Archive | junho, 2011

Despertar

2 jun

– Liberdade. Você me promete?

Sorriu com a resposta que só ele poderia ouvir. Olhos fechados, os cabelos brincando com o vento, agradecendo o afago que recebiam. O corpo frágil parecia também querer ser levado embora, vestido apenas com o retalho branco que usava há muito tempo. Tanto que já não conseguia precisar. Meses, dias, semanas. Anos, talvez?

Continuou sorrindo diante da própria tolice. Nada daquilo importaria mais. O céu abria-se diante dos seus olhos, agora abertos, agora capazes de ver. Uma calma real o invadiu, sensação da qual já não lembrava.
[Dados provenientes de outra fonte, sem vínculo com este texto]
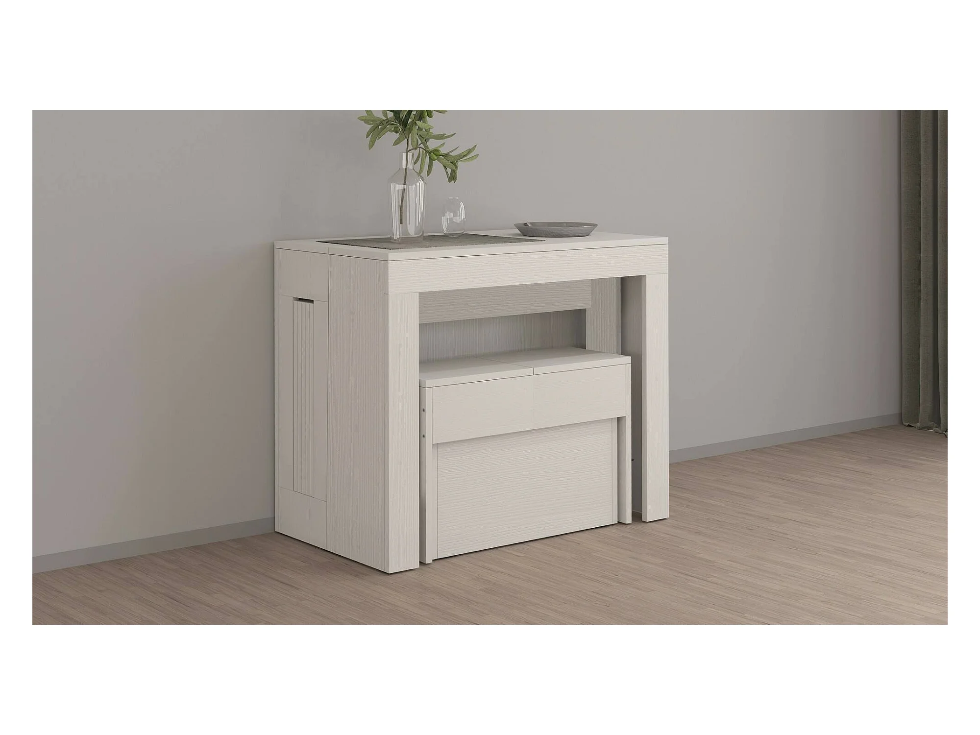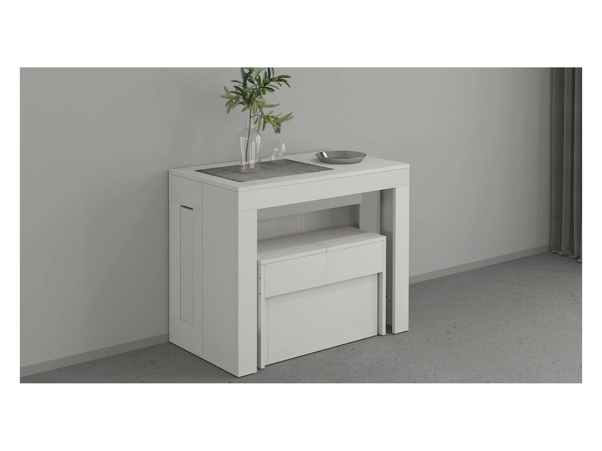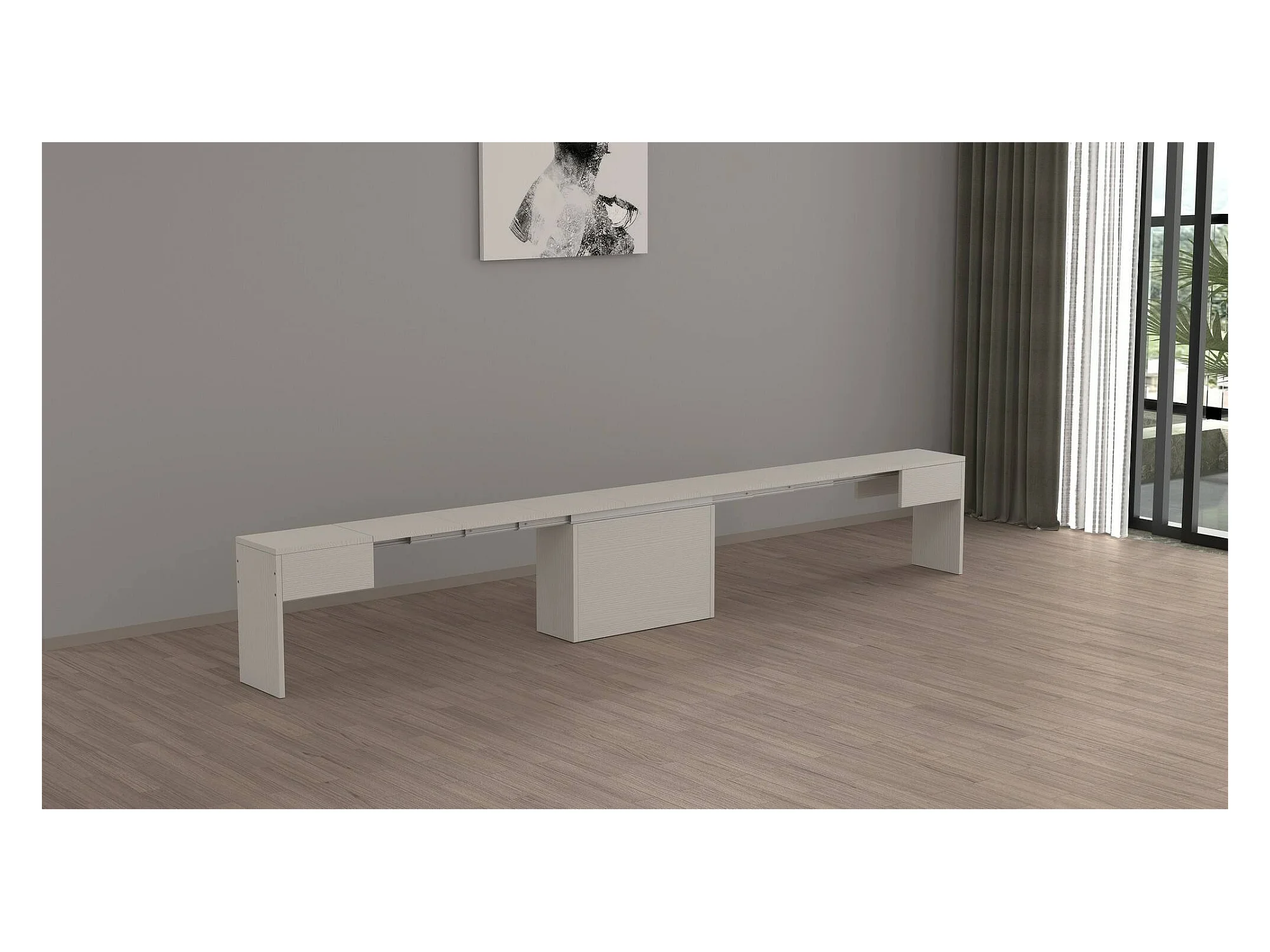 Banc Dollocol, Siège pour table à manger, Banc simple extensible, 290x25h45 cm, Blanc

Carregando uma certeza absoluta, talvez pela primeira vez na vida, lançou o corpo para fora da janela.

****

Foi com esforço que se levantou aquela manhã – efeito dos remédios, tinha certeza. Demorava cada vez mais a acordar, e era sempre um sono limpo, apenas ele e a escuridão. Ainda por cima, passava o resto do dia sonolento. Pensava que, qualquer dia desses, poderia não despertar de novo. A ideia não o desagradava de todo; depois dos remédios, as visões diminuíram, era verdade. Mas também minguava seu interesse por qualquer outra coisa: leitura, estudo, pessoas. Vivia em um estado que não se importava se estava ali ou não.

E se era assim, por que simplesmente não parava de tomá-los?

Paulo tinha medo, esse era o motivo. Medo do que o espelho lhe guardava, do que os sonhos lhe reservavam quando voltasse a tê-los. Medo que escondia sob os cabelos negros, quase sempre desgrenhados. Sob as roupas desleixadas, amassadas e sem muito cuidado. Sob sua incapacidade de encarar espelhos.

Detestava-os. Evitava encará-los por mais tempo do que o necessário, pois, sempre que se distraía com sua própria imagem, eles estavam lá. Às vezes, de relance, fortuitos. Em outras, a visão era aterradora demais para que fizesse qualquer sentido.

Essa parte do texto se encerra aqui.